*INSTRUCTIONS FOR THE TASK*
Although the records contain pictures, repeat only the text of every line exactly.

*SOURCE DATA*

___

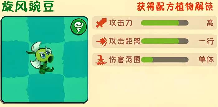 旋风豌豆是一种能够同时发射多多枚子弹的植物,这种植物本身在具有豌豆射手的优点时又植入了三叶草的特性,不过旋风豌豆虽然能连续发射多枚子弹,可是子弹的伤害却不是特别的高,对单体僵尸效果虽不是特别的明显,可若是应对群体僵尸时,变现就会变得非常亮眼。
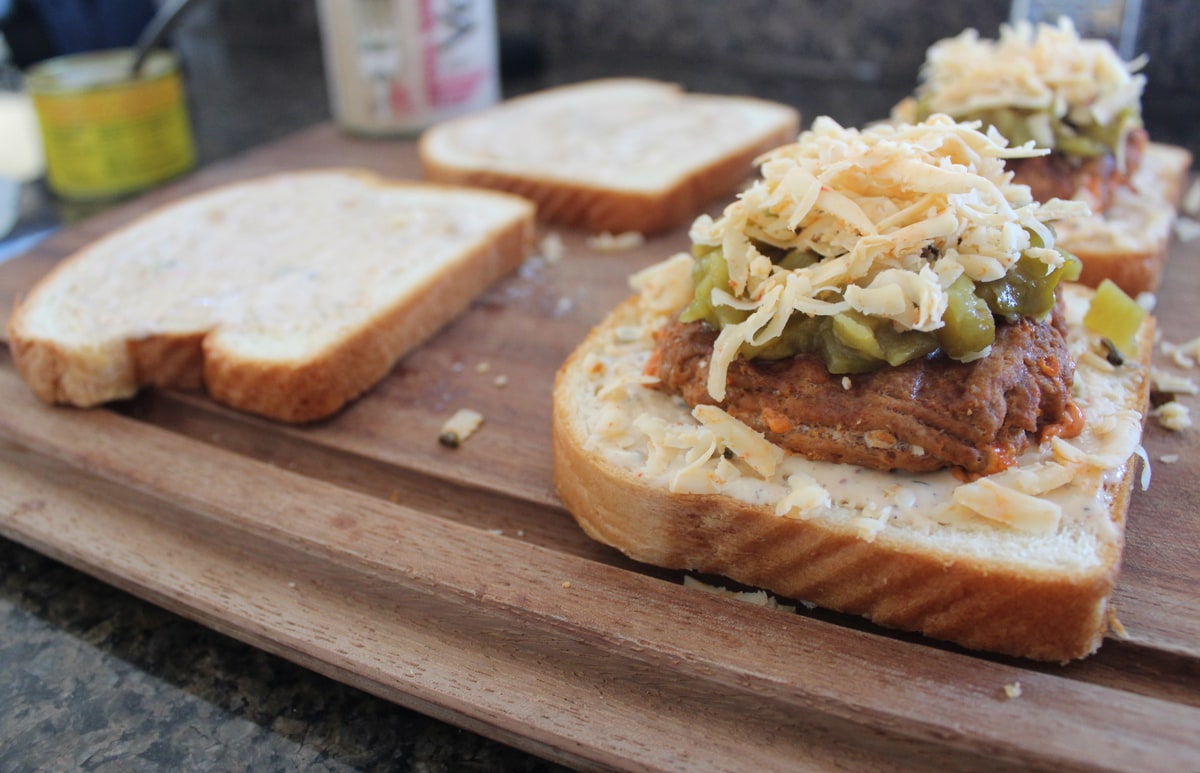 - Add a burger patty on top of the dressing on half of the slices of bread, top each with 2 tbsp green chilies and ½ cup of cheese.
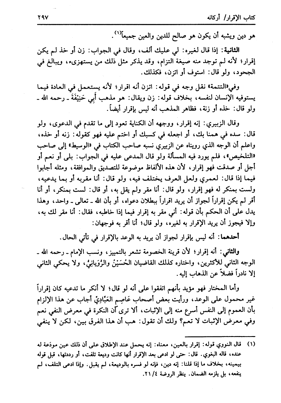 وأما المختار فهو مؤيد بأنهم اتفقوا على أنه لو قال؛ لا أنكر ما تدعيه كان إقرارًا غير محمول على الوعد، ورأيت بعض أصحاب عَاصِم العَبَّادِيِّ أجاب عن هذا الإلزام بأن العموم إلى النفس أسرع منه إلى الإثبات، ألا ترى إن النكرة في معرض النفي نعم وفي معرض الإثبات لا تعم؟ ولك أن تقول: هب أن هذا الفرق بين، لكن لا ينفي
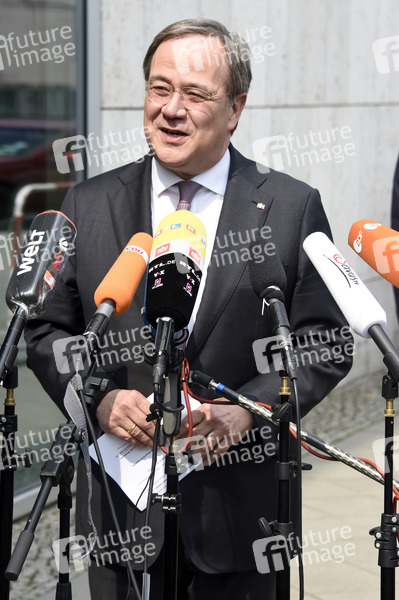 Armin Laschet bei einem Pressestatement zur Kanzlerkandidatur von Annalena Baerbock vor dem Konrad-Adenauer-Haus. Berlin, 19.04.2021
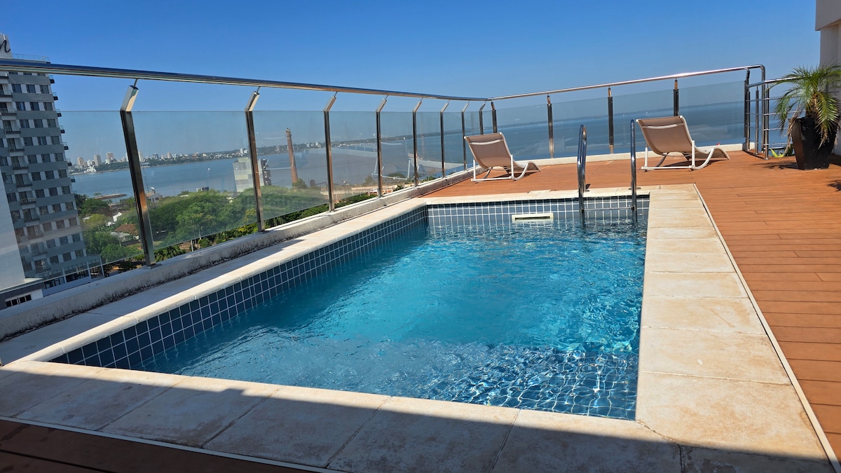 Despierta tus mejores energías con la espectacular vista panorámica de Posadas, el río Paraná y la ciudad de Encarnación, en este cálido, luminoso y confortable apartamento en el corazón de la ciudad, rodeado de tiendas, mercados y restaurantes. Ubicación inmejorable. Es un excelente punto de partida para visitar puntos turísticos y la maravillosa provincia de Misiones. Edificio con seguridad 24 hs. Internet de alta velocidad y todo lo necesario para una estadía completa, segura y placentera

___

*REPLY*
 旋风豌豆是一种能够同时发射多多枚子弹的植物,这种植物本身在具有豌豆射手的优点时又植入了三叶草的特性,不过旋风豌豆虽然能连续发射多枚子弹,可是子弹的伤害却不是特别的高,对单体僵尸效果虽不是特别的明显,可若是应对群体僵尸时,变现就会变得非常亮眼。
 - Add a burger patty on top of the dressing on half of the slices of bread, top each with 2 tbsp green chilies and ½ cup of cheese.
 وأما المختار فهو مؤيد بأنهم اتفقوا على أنه لو قال؛ لا أنكر ما تدعيه كان إقرارًا غير محمول على الوعد، ورأيت بعض أصحاب عَاصِم العَبَّادِيِّ أجاب عن هذا الإلزام بأن العموم إلى النفس أسرع منه إلى الإثبات، ألا ترى إن النكرة في معرض النفي نعم وفي معرض الإثبات لا تعم؟ ولك أن تقول: هب أن هذا الفرق بين، لكن لا ينفي
 Armin Laschet bei einem Pressestatement zur Kanzlerkandidatur von Annalena Baerbock vor dem Konrad-Adenauer-Haus. Berlin, 19.04.2021
 Despierta tus mejores energías con la espectacular vista panorámica de Posadas, el río Paraná y la ciudad de Encarnación, en este cálido, luminoso y confortable apartamento en el corazón de la ciudad, rodeado de tiendas, mercados y restaurantes. Ubicación inmejorable. Es un excelente punto de partida para visitar puntos turísticos y la maravillosa provincia de Misiones. Edificio con seguridad 24 hs. Internet de alta velocidad y todo lo necesario para una estadía completa, segura y placentera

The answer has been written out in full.